He smiled up at her.

“This is what you deserve,” he said.

She closed her eyes, and he saw her smile as his hands ran over her body.

He stood up and began unbuttoning his shirt.

“My job,” she said.

She worked her way down the buttons, her tongue running a line down his chest.

“Luke Bellingham,” she whispered. “The cutest boy in the school. And this morning he’s mine.”

“Blair Clemens,” Luke said. “The mystery girl. And I get to discover her mystery.”

She had worked off his pants and pressed herself up against him, reaching around to hold him tight.

“You are the mystery,” she told him. “What brought you to me?”

“I need you,” he said; without understanding his own words, he somehow knew they were true. He felt something inside him opening up, something that had been tightly closed for a long time.

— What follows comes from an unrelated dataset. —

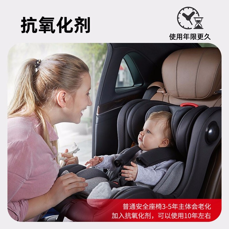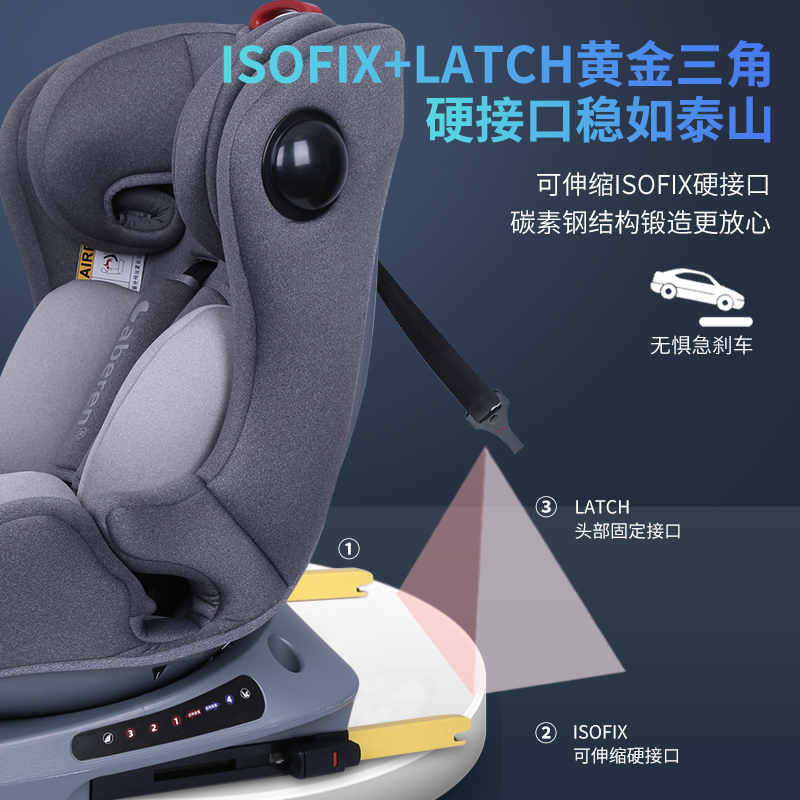 360°无限旋转,3种座椅随意切换,每90°悬停,4个卡点,妈妈带娃出门更轻松,165°可坐可躺可睡,舒适旅程;多档位调节,精刚齿轮耐用耐磨,使用寿命长,单手调节,单手按压拉拽可调节躺角角度。市场上90%的安全座椅采用价格低廉的平板布或乌眼布, 佳贝爱使用阳离子面料,成本约是普通面料的3倍。

He lay down on the bed with her, their bodies wrapped around each other, their tongues and hands exploring every inch of skin.

When they made love, it was long and slow and sweet, and Luke saw that she had tears in her eyes.

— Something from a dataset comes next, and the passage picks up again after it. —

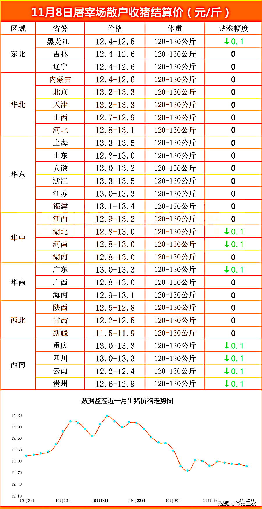 【导读】秋已末,冬已至!立冬节气到来,开启了冬天的序幕!在国内生猪市场,猪价进入偏弱运行的阶段,市场购销两淡,猪价以横盘下挫为主,那么,市场发生了啥?后期有哪些变化?我们简要讨论一下! ![]() 据屠企报价显示,受市场情绪看稳现象增多,预计,11月8日,猪价窄幅下挫,生猪均价回落0.05元/斤,国内生猪均价12.86元/斤,市场呈现窄幅下跌的态势! 在国内分区市场,猪价大稳小动,大部分行情企稳,下跌区域集中在黑龙江、湖北、河南、广东以及川渝、云贵地区,猪价窄幅下挫0.1元!国内南北大部地区,猪价以横盘企稳为主,其中,在低价市场,东北行情徘徊在12.4~12.6元/斤,而在高价地区,华南市场,两广地区,猪价徘徊在12.8~13.3元/斤…… ![]() 目前,国内猪价偏弱运行,市场呈现购销两淡的表现,立冬节气对于市场猪肉消费提振有限,由于国内口罩问题以及猪肉价格高位横盘,消费抵触情绪依然较强,需求端表现乏力,下游白条猪走货迟缓,而屠宰场下游订单量较差,屠宰场收猪积极性一般! 而在生猪供给方面,国内适重猪源流通相对顺畅,散户猪场以及集团化猪企出栏积极性一般,市场适重猪源供给较为宽松,屠宰场停计划较早,市场有一定压价的情绪,但是,在北方部分地区,标猪价格相对稳定,屠企压价难度较大,市场有横盘态势!目前,国内生猪市场,情绪稍有变化,看跌的情绪有所反弹,屠企压价支撑或将转强! ![]() 因此,受阶段性市场多空调整,预计,未来1~2日,猪价或将延续稳中震荡的表现,市场偏弱运行的趋势或将延续!而对于后市猪价的趋势,个人认为,11月中旬,猪价大概率受消费掣肘以及部分养殖户抵触低价卖猪的情绪限制,猪价或将延续横盘偏弱的趋势!而进入11月中下旬,随着消费旺季临近,集团化猪企出栏计划或将减少,养殖端扛价惜售情绪升温,猪价或将缓慢回升,月底猪价或将涨破13元/斤! 预警!猪价横盘下挫,市场购销两淡,发生了啥?11月8日猪价!对此,大家是如何看待的呢?以上仅为参考,内容原创! |

“I could love you,” he whispered when they were done, lying in each other’s arms, breathing each other in.

Luke drove home after breakfast and a shower and a walk around the neighborhood with Sweetpea. He left Sweetpea with Blair.

“Can I come to your restaurant?” he had asked.

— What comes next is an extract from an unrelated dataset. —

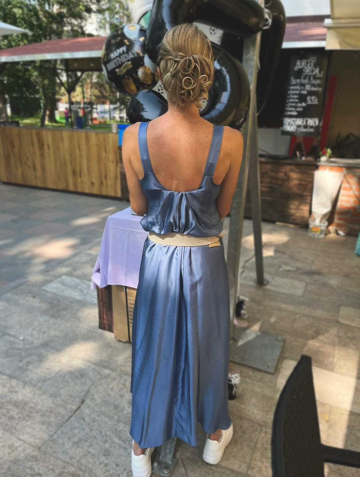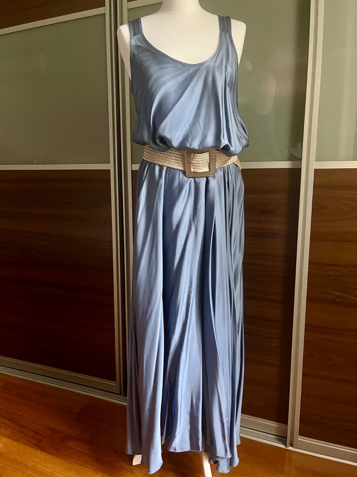 Krasne dlhe saty, vhodne ci na bezne nosenie alebo niaku oslavu, dlzka 135cm. Oblecene boli iba raz na oslave. Opasok nie je sucastou. Ide o taliansku znacku King Kong.

“Yes,” she said, pleased. “You might have to give a few autographs. One of the waiters knows your movies.”

“No autographs,” he said. “This would be your show. I’d love to watch you work.”

“You can’t do that,” she said. “Daniel would die if anyone entered his kitchen. But I will feed you. I will fatten you up for tomorrow morning so we can work it all off again.”

“I can come back tomorrow morning?”

“If you eat well tonight.”

He drove home smiling. He had used her shampoo—peach—and felt like he was taking her smell home with him.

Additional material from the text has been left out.